Mechanistically, we identify Netrin-1 as an Unc5B activating ligand required for BBB maintenance. Mice carrying global inducible deletions of the Unc5B ligand Netrin-1, and i.v. delivery of Unc5B mAbs that specifically block Netrin-1 binding to Unc5B (anti-Unc5B-3), or that induce receptor internalization (anti-Unc5B-2), all led to BBB breakdown and reduced Wnt/β-catenin signaling, while Robo4−/− mice displayed an intact BBB. These data support that Netrin-1 binding to Unc5B maintains BBB integrity and Wnt signaling activation in CNS ECs. They confirm previous observations of Netrin’s BBB-protective effects52,53 and extend them in several ways. Podjaski et al.52 showed that BBB junctional integrity was compromised in neonatal global Ntn1 ko mice, however the neonatal lethality of these mice precluded analysis of the BBB at later developmental stages, and the relevant Netrin-1 receptor was not identified in that study. We extend these findings by showing that global inducible deletion of Ntn1 in P60 mice induced BBB cadaverine leak, demonstrating that maintenance of adult BBB integrity requires Netrin-1. Furthermore, we identify the Unc5B receptor as the signal transducer on ECs, and we reveal canonical Wnt signaling as an effector pathway.
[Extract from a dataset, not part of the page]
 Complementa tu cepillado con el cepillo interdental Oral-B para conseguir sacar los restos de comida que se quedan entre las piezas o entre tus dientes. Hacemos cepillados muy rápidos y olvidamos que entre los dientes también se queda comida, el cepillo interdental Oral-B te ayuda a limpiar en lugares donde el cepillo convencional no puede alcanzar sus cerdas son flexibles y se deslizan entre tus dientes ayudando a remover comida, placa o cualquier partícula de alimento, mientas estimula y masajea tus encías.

Further experiments are required to determine the source of Netrin-1 mediating EC Unc5B signaling. Single cell RNA sequencing studies indicate that Netrin-1 is expressed in adult brain pericytes, fibroblasts, astrocytes and in ECs49. Conditional Ntn1 deletion in astrocytes affects the BBB53, and Netrin-1 is upregulated in ECs upon inflammatory signaling52, therefore multiple cellular sources and environmental modulations of Netrin-1 expression could contribute to BBB integrity. Interestingly, serum Netrin-1 levels increased in patients with neuroinflammatory multiple sclerosis or type 2 diabetes52,54. Therefore, circulating Netrin-1 levels could be an important gatekeeper of BBB integrity, protecting the CNS and limiting BBB disruption during inflammatory conditions.
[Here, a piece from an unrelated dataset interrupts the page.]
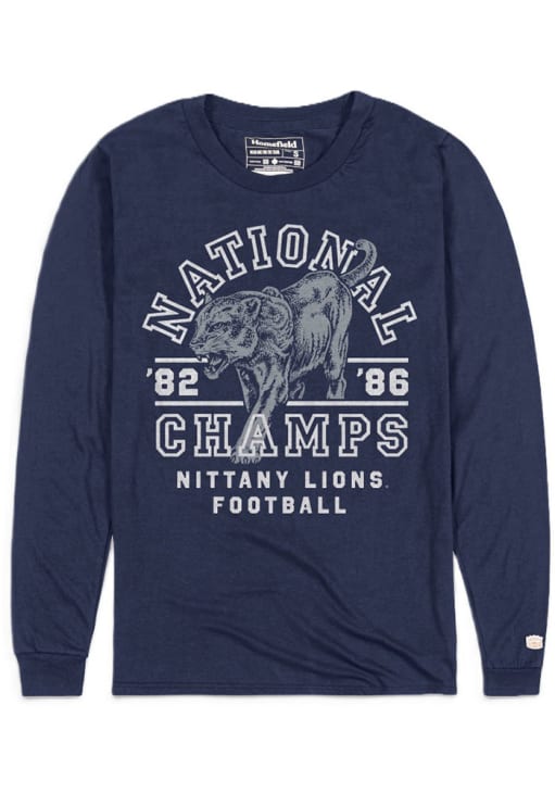 Show your Penn State Nittany Lions spirit in this Penn State Navy Blue T Shirt! This Penn State Football National Champions Long Sleeve T Shirt makes a great layer for cooler nights cheering on the Nittany Lions. Featuring a screen print team graphic on front chest, this Penn State Nittany Lions Long Sleeve Tee is an essential addition for every fan. Go Lions!

Mechanistically, the data show that Netrin-1 binding to Unc5B promotes LRP6 phosphorylation, and that the Unc5B intracellular UPA domain is required for complex formation between Unc5B and LRP6. Based on the crystal structure of the Unc5B ICD33, we speculate that ligand-induced conformational changes in the Unc5B ICD expose the UPA domain and enable its interaction with LRP6. One possibility is that the UPA domain may induce LRP6 phosphorylation through recruitment of kinases. Recent studies in naïve pluripotent embryonic stem cells showed that Netrin-1 binding to Unc5B induced FAK-mediated phosphorylation of GSK3α/β, a kinase implicated in LRP6 activation51, however our data show that Netrin-1 regulates LRP6 phosphorylation in brain ECs independently of FAK.

I.v. injected anti-Unc5B antibodies bound to the EC lumen in controls but not in Unc5BiECko brains, demonstrating Unc5B expression at the luminal side of brain ECs, which could be activated by Netrin-1 in the bloodstream. A critical question to be addressed in future work is how luminal Unc5B activates CNS Wnt signaling, which is believed to occur mainly at the abluminal side of CNS capillaries driven by neural progenitors or glia-derived WNTs and Norrin. Netrin-1-binding to luminal Unc5B could enhance Wnt/β-catenin signaling in endosomes or at cell-cell junctions, thereby facilitating subthreshold abluminal WNT BBB signaling effects.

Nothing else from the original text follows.